Perhaps one of the most unfortunate things about the recent focus of the music industry on "American" punk and hardcore acts is that it forces much of the genre and fans to adopt a distinctly American perspective. A browse through your local record store's punk and hardcore section will reveal a multitude of American, white, middle-class-male opinions and a distinct lack of viewpoints from women, Europe or the developing world. Certainly, it isn't fair to expect the aforementioned white, middle-class musicians to write about poverty with any sort of authority particularly when the bulk of their exposure to that world is through secondary sources.
Even the bands who break from this mold are somewhat confined by their limited perspective; until you visit Ethiopia, your only understanding of the abject misery of people in poverty is based on maudlin Sally Struthers commercials and UNICEF boxes at Halloween.
This single fact is part of what makes the music of Dutch punk stalwarts the Ex so important; not only does the band seamlessly synthesize the music of indigenous cultures into their music; the band also regularly visits Africa and other developing nations to speak directly to the people they aim to speak for.
The band formed in the late `70s, energized by the burgeoning punk rock movement as well as looking for a way to express their own frustrations with the staggering social injustice of `70s Amsterdam.
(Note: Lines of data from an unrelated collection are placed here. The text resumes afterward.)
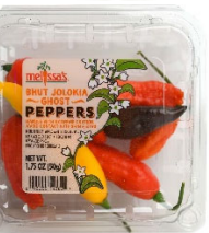
Bhut Jolokia Peppers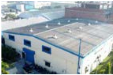
IKIO Plant 1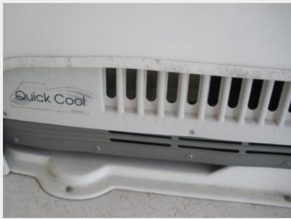
Reverse Cycle A/C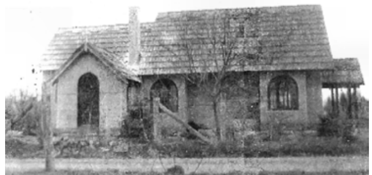
North elevation with chimney and vestry, 1938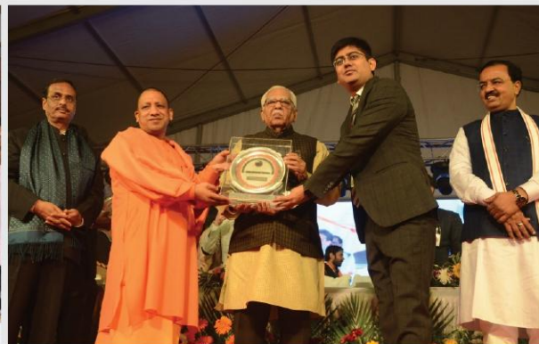
Recognition for Excellence in Exports UP Government.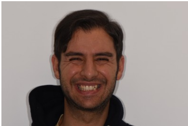
Frontal view (t0)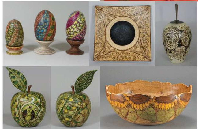
Location: Multnomah Arts Center, 7688 SW Capitol Hwy, Portland, OR 97219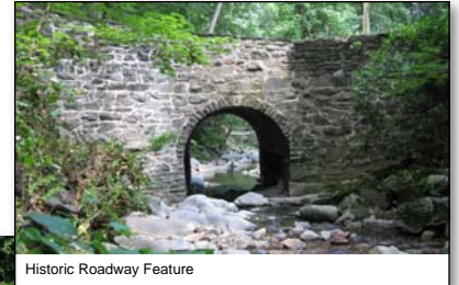
Historic Roadway Feature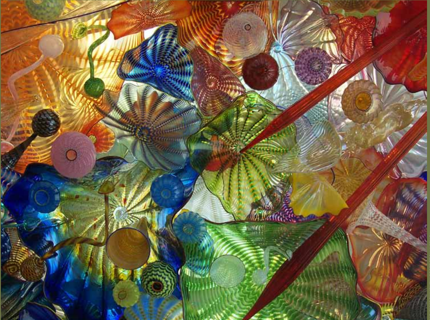
DISPLAY AT THE INTERNATIONAL GLASS MUSEUM IN TACOMA, WASHINGTON. THE MUSEUM WAS BUILT ON THE SITE OF AN ABANDONED COASTAL PORT.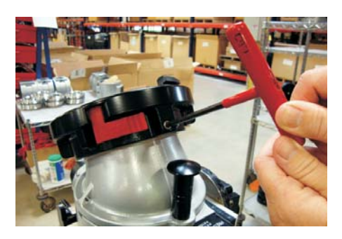
Step #9A) If a rigid/locked-out connection is desired. Push coupling onto unit. Align threaded hole in coupling with lock-out detail in unit. Apply Loctite® 242 to lock out screw. Thread screw into coupling until it touches the bottom of the lockout detail. Do not over tighten – this will result in leaks.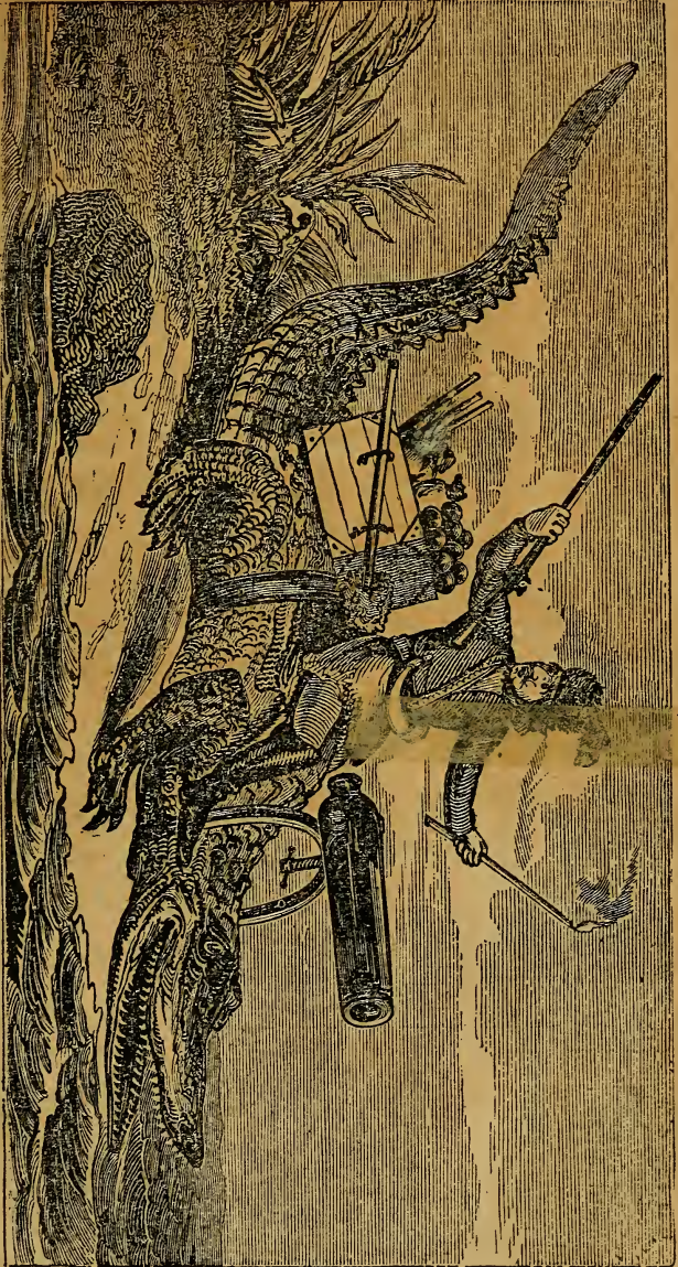
CROCKETT DEFENDING THE MOUTH OF THE MISSISSIPPI.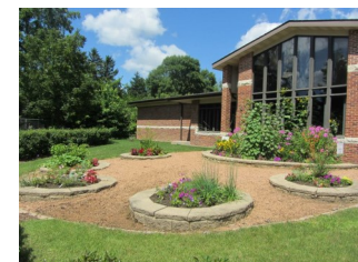
Pauline Haass Public Library (Sussex)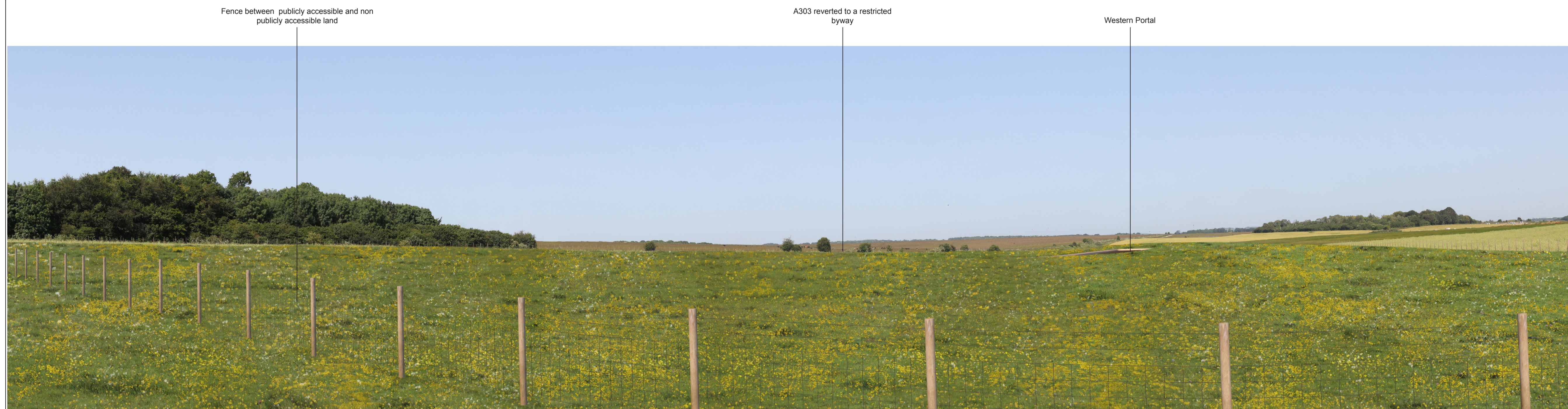
PROPOSED (SUMMER YEAR 15)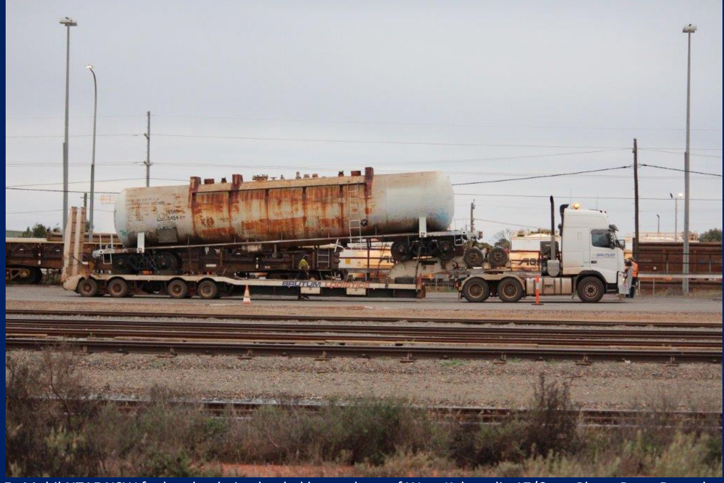
Ex Mobil NTAF NSW fuel tanker being hauled by road out of West Kalgoorlie 17/6.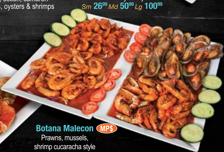
Botana Malecon MP$ Prawns, mussels, shrimp cucaracha style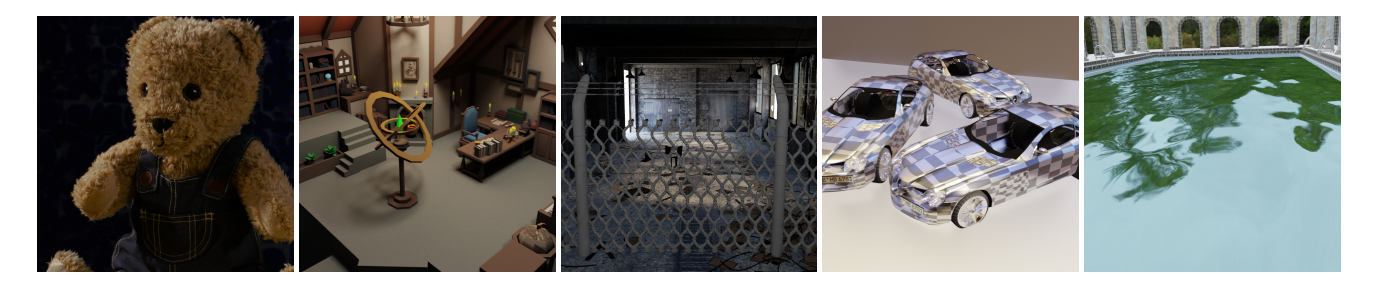
Fig. 1. A subset of scenes used for benchmarking (left to right): Large disparity: bear, sorcerers' room, Disparity: abandoned house, Non-Lambertian materials: cars, pool. The complete dataset consists of 11 synthetic and 4 camera-captured scenes.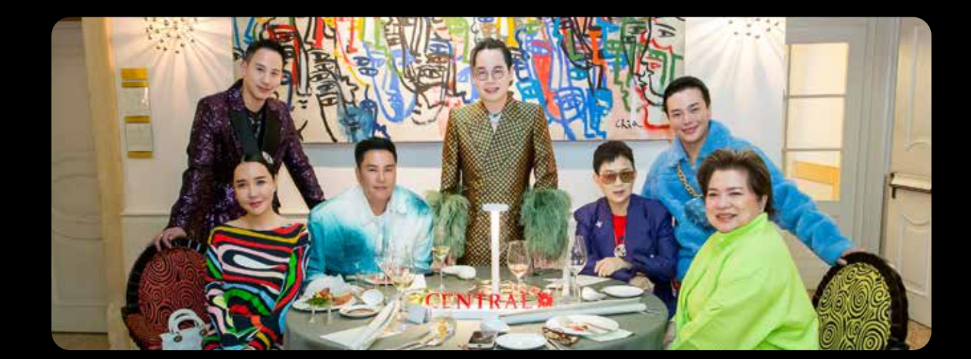
Central arranged a special Italy trip for VVIC to enjoy Italian culture and exclusive shopping experiences at La Rinascente

Central & Robinson, Thailand's kitchenware and home destination, present "CENTRAL COOKING TIME 2023" & "ROBINSON COOKING FAIR 2023"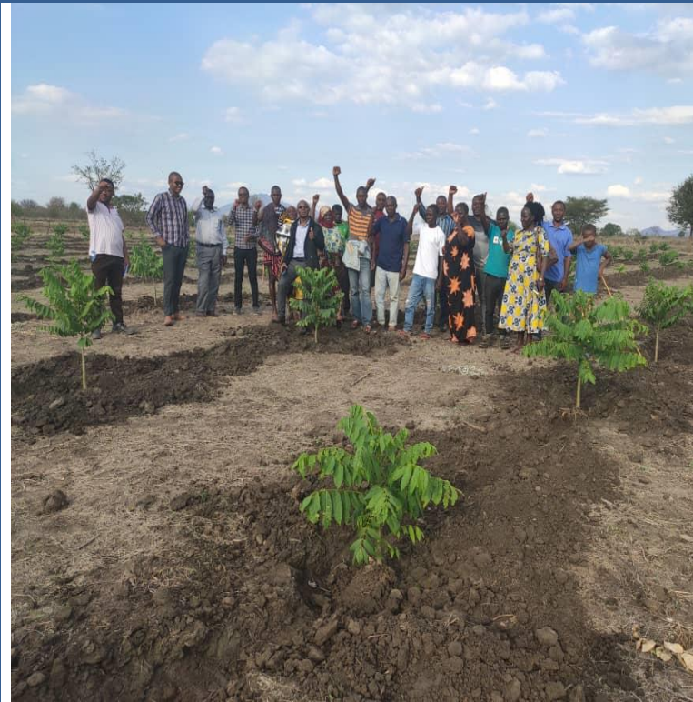
One of the beneficiary farmer plot planted with tree seedlings provided by EBARR project in Mvomero District.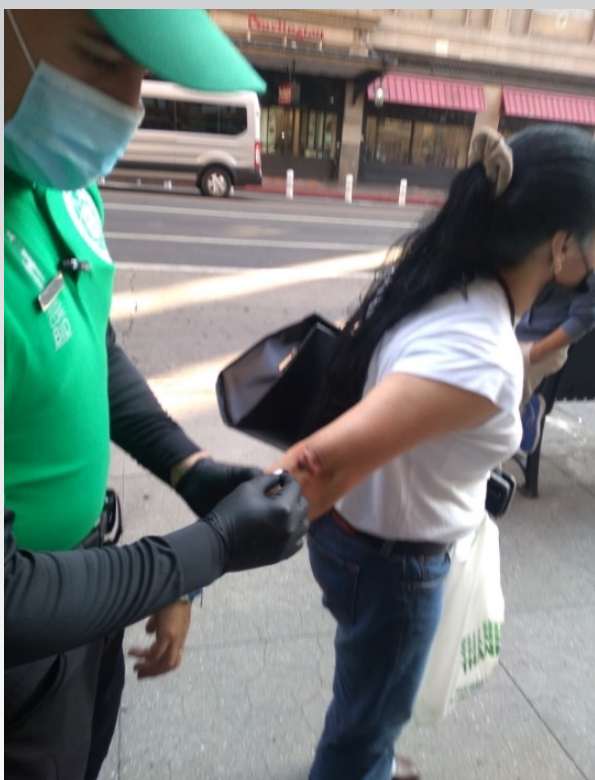
BID officers carry first aid kits all the time and can provide basic aid services.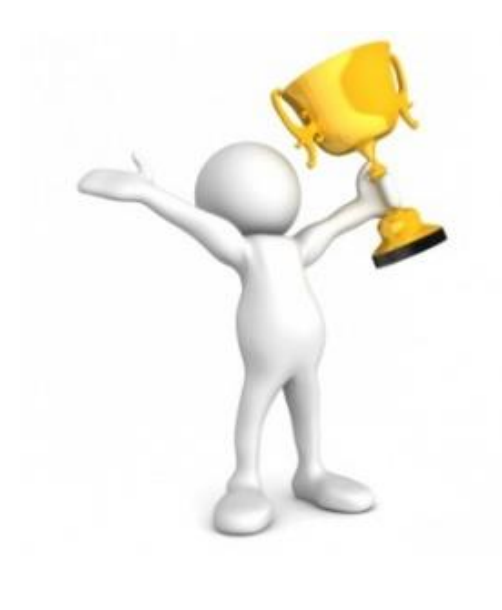
Think like a winner and you will become a winner.

Click here to sign up or for more information.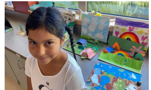
Migrant Education Program student with their paper collage design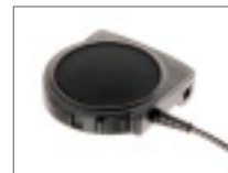
SAVOX 400 E For Peltor and SAVOX electret headsets

According to the band, the police in particular were brutal to disaffected youth, many of which were seething in a sea of unemployment and unaffordable high rent. The band incorporated the same collective mentality as Crass, seeing their anarcho-socialist views and their music as indelibly connected.
Though the band has regularly released material, most recently through Touch and Go, much of the band's material was originally issued on limited cassette or vinyl and was seemingly lost to the general public. This long-awaited singles package finally unearths some of those precious singles to hopefully immortalize them as the crucial works that they are.
Organized chronologically, the album begins in much of the same spirit as their American and British peers: Simple three-chord punk rock with that steady 1-2 drumbeat, but by the end of the album much of the future sound of the band is clear; elements of early industrial music like Einstürzende Neubauten begin to show up, as well as moments of jazz and folk, elements which defined later albums like the particularly wonderful Starters/Alternators and Turn, which took the same sort of progressive left turns as the band with which they are most often compared: Fugazi.
Though the sound had not taken shape in that early era, much of the band's political views were seared into the lyrics even then; album opener "Human Car" lashes out against commodification, "Weapons for El Salvador" takes the Ronald Reagan administration to task for the brutal results of his attempts to use the nation as a wedge between the Sandinistas and the Cubans.
Politically and musically incendiary, the Ex is a challenging and difficult band, even today. Singles. Period. is not music designed for background listening; the steep progression over the album, unconventional sounds and brutally honest lyrics demand attention and deserve yours.